Bayrou : Ce que je crois
Comme Mitterrand et Chirac avant lui, François Bayrou tente sa chance pour la troisième fois à l’élection présidentielle. Avec l’intime conviction d’être le seul à pouvoir rassembler, en 2012, les meilleurs de chaque camp.
Il sait bien que la fenêtre de tir qu’il discerne pour redresser la France – « Cette urgence qui, dit-il, est le temps pendant lequel il est encore possible d’agir » – a quelque chose à voir avec son propre destin. Mais il ne présente, curieusement, aucun signe de fébrilité. Détendu comme rarement il l’avait été depuis cette année 2007 qui le vit passer, sans préavis, du statut de troisième homme de l’élection présidentielle à celui de proscrit dont il était de bon ton de railler la solitude (« Il l’a bien cherché ! »), François Bayrou partage avec les paysans de son Béarn natal la tranquille certitude de savoir, avant les autres, quel temps il fera. Est-ce cette fameuse croyance en son étoile, que ses anciens amis, ralliés à Nicolas Sarkozy, assimilent volontiers à du “mysticisme” ? Même ses adversaires en conviennent : qui, sinon lui, a parlé le premier, en 2007, du poids croissant de la dette, quand d’autres, euphoriques, prônaient encore l’instauration de subprimes à la française ? Qui, en dehors de lui, a osé citer en exemple, ne serait-ce qu’une fois, la politique du socialiste allemand Gerhard Schröder qui, pour sauver son pays du déclassement, lui imposa une cure de rigueur sans précédent, en dépit de la défaite électorale qu’il risquait… et qu’il récolta ?
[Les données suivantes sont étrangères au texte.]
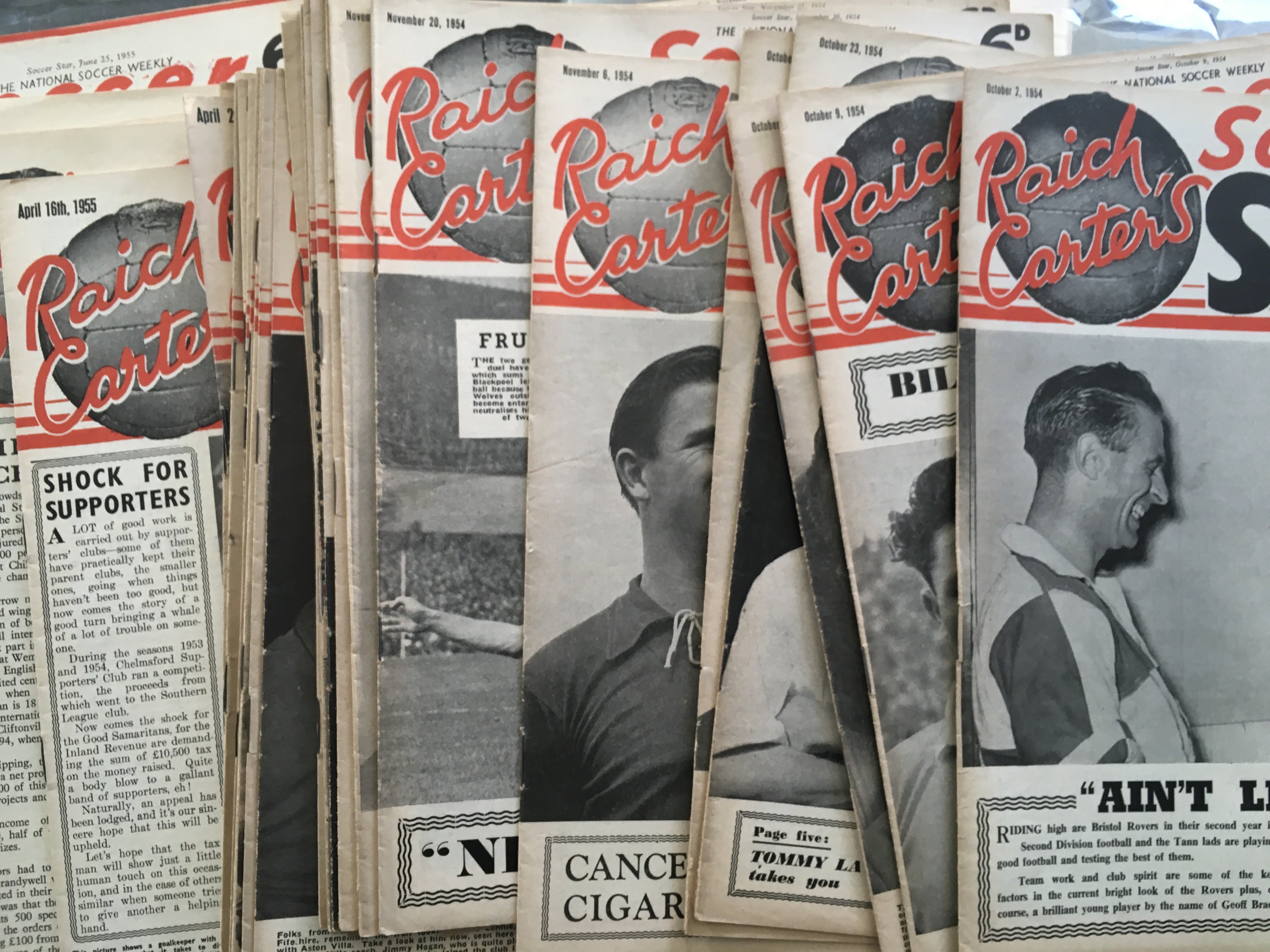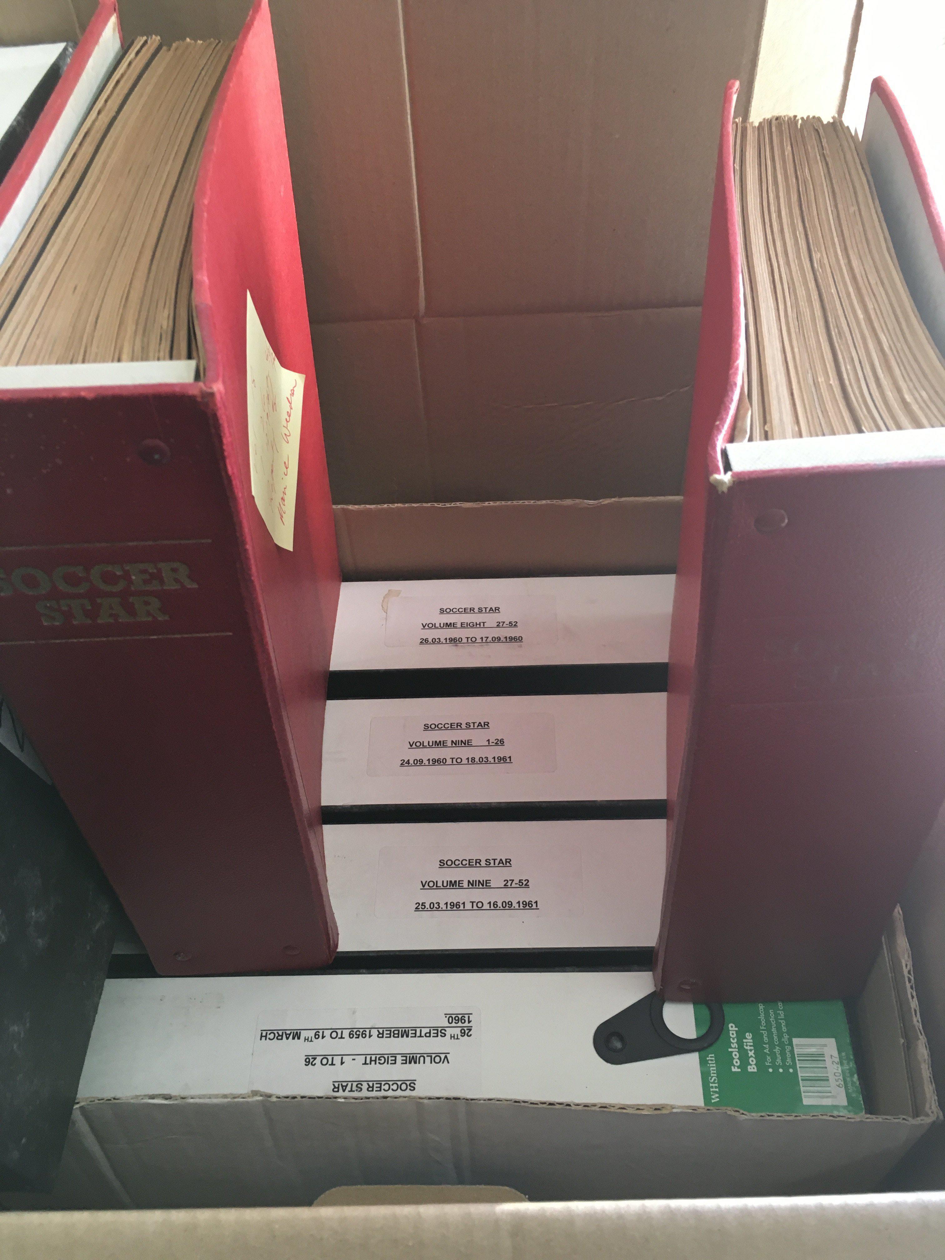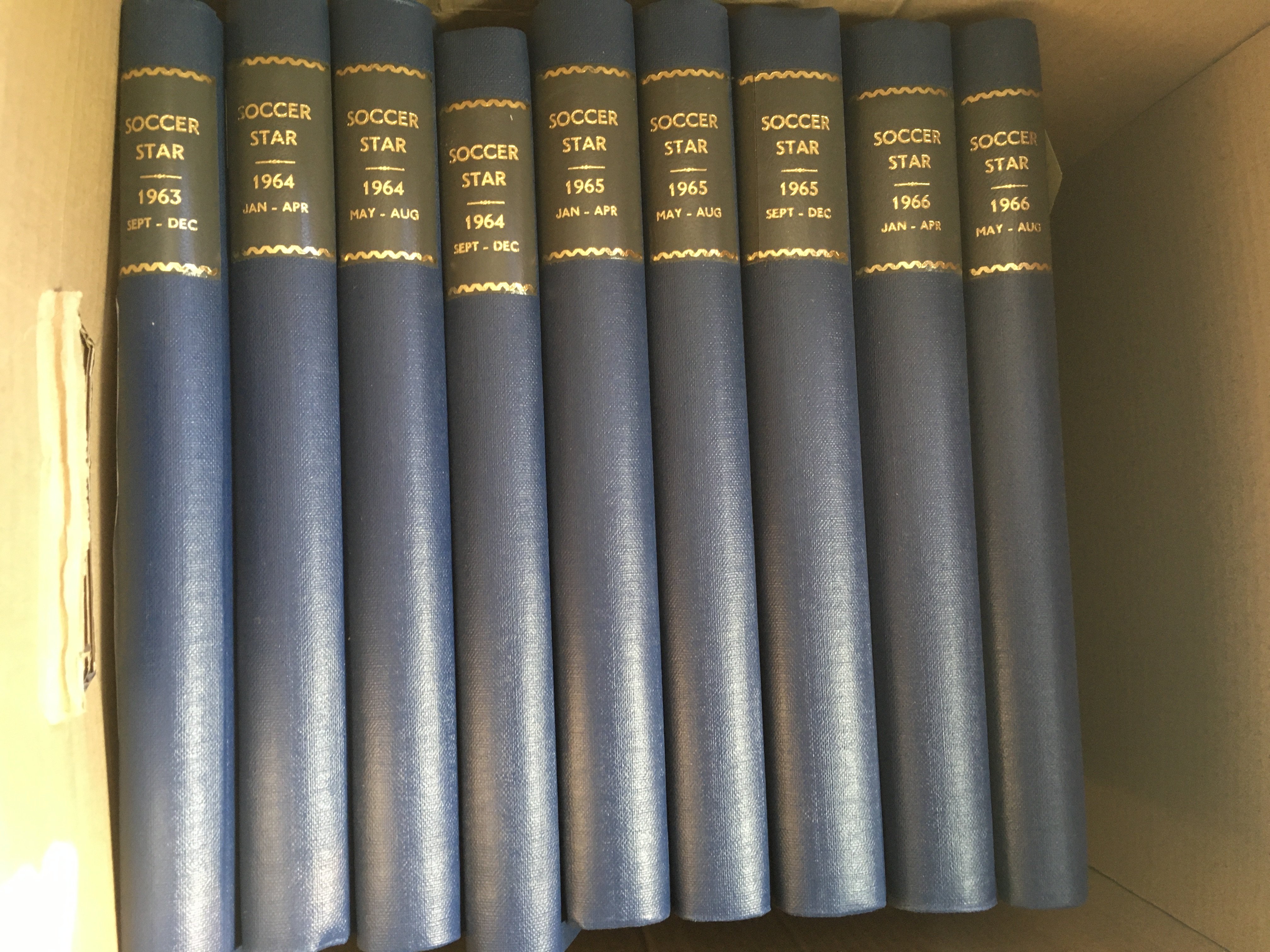 Soccer Star Complete Seasons Of Football Magazines: Some the former property of a Maurice Weedon. Bound red volumes from 57/58 and 69/70. Loose sets from 54/55 then September 59 to Sept 62. From 63 to 66 there are 9 blue smaller bound volumes. Would be over 400 issues in excellent condition. (2 large boxes)
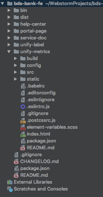 bds-bank-fe │ readme.md │ │// 静态资源输出目录 │ └───dist │ └───index.html + static // 平台首页 │ └───label // 产品a │ │ └───index.html + static │ └───metrics // 产品b │ └───service // 产品c │ └───help // 产品d │ │// 项目路径 │ └───help-center // 产品d └───portal-page // 平台首页 └───service-doc // 产品c └───unify-label // 产品a └───unify-metrics // 产品b │ └───build │ └───config │ └───src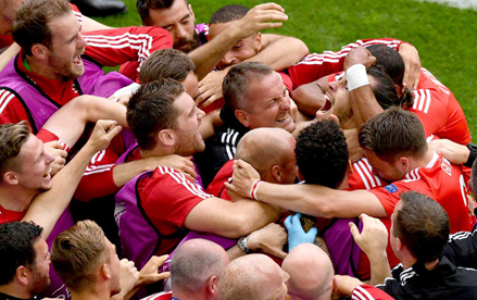 Tập thể đội bóng xứ Wales ăn mừng bàn thắng đầu tiên tại Euro. Ảnh: Uefa |

Deux ans après Abus de pouvoir, procès en règle de la politique et du style de Nicolas Sarkozy, Bayrou quitte désormais la critique pour la proposition. Avec 2012, état d’urgence (Plon), il dresse, en un peu plus de 150 pages, les grandes lignes du redressement qu’il appelle de ses voeux. Hervé Morin et Jean-Louis Borloo, qui ont rompu avec Sarkozy, l’accusent-ils de s’en rapprocher, au motif qu’il n’en fait plus sa cible principale ? Il rit : « C’est eux qui ont un problème avec Sarkozy, pas moi ! Ils ont été ses ministres et ne se sont mis à le critiquer qu’après avoir compris que ni l’un ni l’autre ne serait son premier ministre. Et ils me reprochent, à moi, d’être complaisant ? Je suis comme en 2007 : libre. Libre de le désapprouver, et je ne m’en prive pas. Et libre de l’approuver, par exemple sur la règle d’or d’équilibre budgétaire, ou l’intervention en Libye, que j’ai soutenues. » Bayrou a-t-il, du coup, gagné en sérénité ? Il ne récuse pas le terme. « En 2007, j’étais en guerre, en colère qu’on refuse de voir les nuages qui s’amoncelaient. Aujourd’hui que l’orage a éclaté, il n’y a plus à discuter, il faut agir. Et de droite, comme de gauche, toutes les bonnes volontés sont les bienvenues… Le défi est enthousiasmant ».